In time all doors, save one, seemed closed to me. To pass beyond that door would require my ending of the uneven struggle to survive. My emotional pain was extreme, but to end the struggle, to give in, seemed to be the ultimate folly, one more act of insanity which must surely have dire consequences. Yet the more I struggled, even to the limit of my resources and perhaps beyond, the further into the darkness I slipped.
One night I lay in bed in an upper room in a guest house. Above me hung the pitched, wooden ceiling so reminiscent of a small church. Was I asleep? Had I awoken? On the ceiling was portrayed the powerful image of a tormented cosmos.

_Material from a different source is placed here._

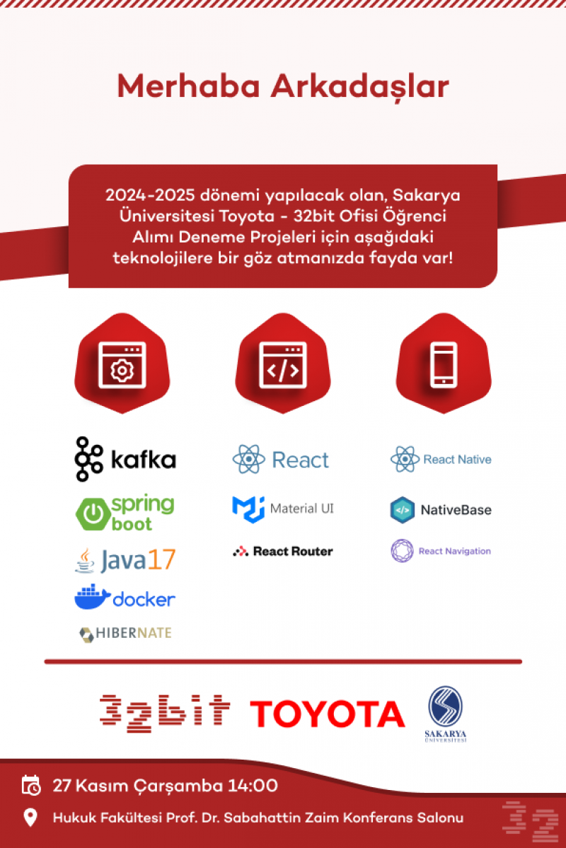 Merhaba Arkadaşlar! 2024-2025 döneminde yapılacak olan Sakarya Üniversitesi Toyota - 32bit Ofisi öğrenci alım süreci için teknoloji projelerine katılmak isteyenler, bu etkinlik tam size göre! İlgili teknolojiler arasında Kafka, React, Spring Boot, Java 17, Docker gibi araçlar yer almakta. Daha fazlasını öğrenmek ve projelere adım atmak için buluşuyoruz!

Was it, perhaps, a vision? Surely not! This was me in the late twentieth century. Things like that didn't happen any more, did they? But I watched, astounded, then slept. Maybe it was then that I heard You call to me, though I did not recognise You.
I sought an end to my hurt. I wanted someone else to carry the burden that was my life for a while, just for a little while, a burden I could no longer carry alone. It was for that reason only that I accepted the offered help of sanctuary. Not for one moment was I searching for You, for God. I did not even remember that You could have been part of my life, and love had seemingly become a travesty of anything remotely worthy of that name. With that simple, if desperate, acceptance of help, in whatever form it would come, for I no longer had the energy or will to care, the way was opened for You. Although I could not know it then it was the moment a new day began to dawn..........
(From my private diaries.)
All those years ago, yet sometimes it seems like yesterday. Perhaps it was the most important turning point in my life.